The first years walked up to the hat as they were called, each one nervous or grinning or skipping, all wild with joy. When I was a first year, I had walked so slowly. My shoes had padded on the veined marble, the floating candles bathed everything in gold and tawny. When I finally made it up to the hat, I had nearly shrieked when it spoke in my head, little whispers that made me shiver. It prodded around in my head a bit before proclaiming my house—it never doubted, or if it did, it never said anything to me. I felt sure that it would be the same way for Joan.
"Joan Milne!"
I clapped my hands together and giggled, whirling around to get a better look at her.
She held her head high and walked proudly. Her hair crossed the border into blonde, where my own stayed very light brown. She had a small smile on her face, a bit of a frenzied blush, but she was calmer than I could ever be, even as a sixth year to her first. She was so small, still a child to me.
Joan sat down on the bench, her feet stamped firmly onto one of the bottom rungs. She placed the sorting hat onto her head, and it drooped over her ears, looking as if at any moment it would slip down and hide her whole face. I tried to read her lips, her eyes, but I couldn't get to her thoughts like I wanted to. I leaned, desperate to know what she would become.
She looked so happy. I was relieved that she wasn't nervous as I had been when I was discovering my house.

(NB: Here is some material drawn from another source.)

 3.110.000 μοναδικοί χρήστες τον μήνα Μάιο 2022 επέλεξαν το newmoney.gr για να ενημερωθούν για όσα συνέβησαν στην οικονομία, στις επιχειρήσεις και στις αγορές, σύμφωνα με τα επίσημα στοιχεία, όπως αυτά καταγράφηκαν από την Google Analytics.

Gryffindor, of course, that's what she would be. She was much more brilliant that I was, more playful, peskier, brave, fiery. She would certainly be—"Slytherin!"
Oh. Wait. Really?
My jaw dropped. I fought very hard not stand up and shout, 'What? What do you mean Slytherin? This girl's an angel, a prodigy. She's no Slytherin!'
There must've been a mix-up. Slytherin was for bullies, conmen, and people who only cared about themselves. Joan was . . . well, she wasn't that at all. There must've been a mix-up. Joan cared about everyone, and she was a darling. Everyone loved her.
Joan was grinning and she leapt off of the bench, delicately placing the hat where she had been sitting. She practically skipped to the Slytherin table. Had I missed something there? Had she ever told me about her enduring love for all that was evil?

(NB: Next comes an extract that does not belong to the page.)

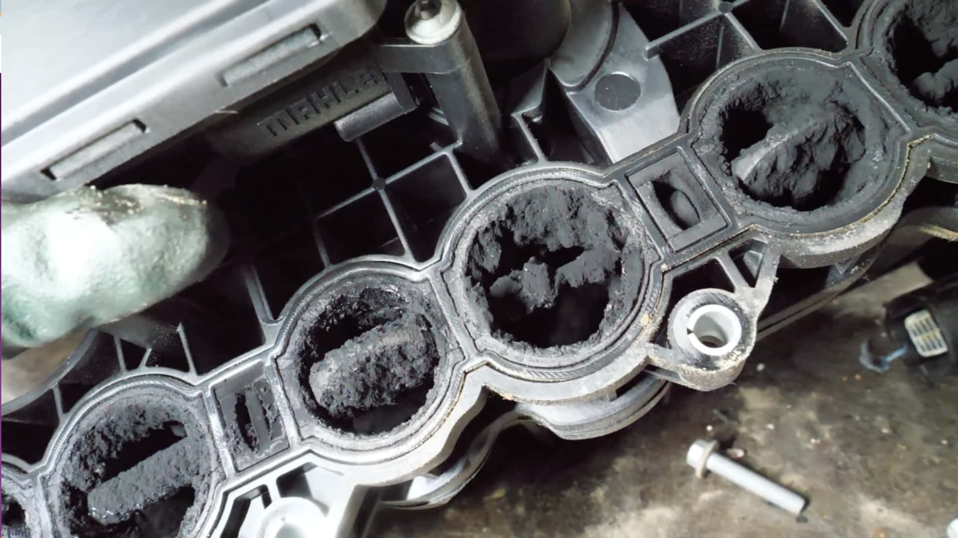 It’s only when Eric removes the heads does the damage become clear. One of the pistons, at some point, smacked into the valves, making a clear imprint on its face. Sure enough, when the oil pan is removed we can see copious metal shavings that, according to Eric, used to be bearings for the connecting rods.

Alice was staring at me in apprehension. "Erm, Izzy. You've gone quite pale, is there a problem?"
I wanted to shake her by the shoulders—of course there was a problem! She had seen firsthand what Slytherin did to people; Lily and Severus, even. He had been so close to her, and now they no longer looked at one another, let alone spoke. Everyone knew about them! One day I woke up and there it was, right in my face, no more Severus and Lily. Because he was a Slytherin and obviously very despicable in nature.

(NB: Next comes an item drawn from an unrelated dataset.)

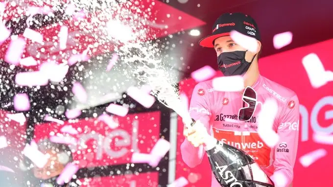 SESTRIERE. Una sfida all’ultimo secondo, pazzesca, in una Milano blindata causa Covid. Jai Hindley (Sunweb), la nuova maglia rosa, partirà nella crono finale per ultimo, ma con lo stesso tempo di Teo Geoghegan Hart (Ineos), che l’ha battuto allo sprint al Sestriere al termine di un duello da brividi, riscatto (parziale s’intende) dopo l’ammutinamento dei corridori di venerdì.

I gulped down nearly half my glass of pumpkin juice. It hurt my throat, pressing up against the walls of my esophagus, but I ignored it. "No problem at all, Alice." I coughed.
I tried to find Joan after the ceremony—and I did. I wanted to ask her, demand why she had been put into that house because it certainly wasn't because she was evil.
She was laughing and running in front of me, arm in arm with some other little girl who was also drifting with the Slytherin crowd.
I reached out my arm and then yanked it back. I slowed my pace, letting myself be taken up by the crowd. I felt guilty, all of a sudden, for wanting her to do something she hadn't wanted to do. Or wanting her to be something she wasn't. I was certain, so certain she would be in a decent house. But she hadn't been. And . . . and then I felt certain that she would come to regret being in Slytherin, because she wasn't like them, and they didn't like outsiders.
"Isla! Izzy!"
Instead of waiting to find out who it was who wanted to bother me, I scurried away to the Hufflepuff dormitories, suddenly very tired and very not-friendly.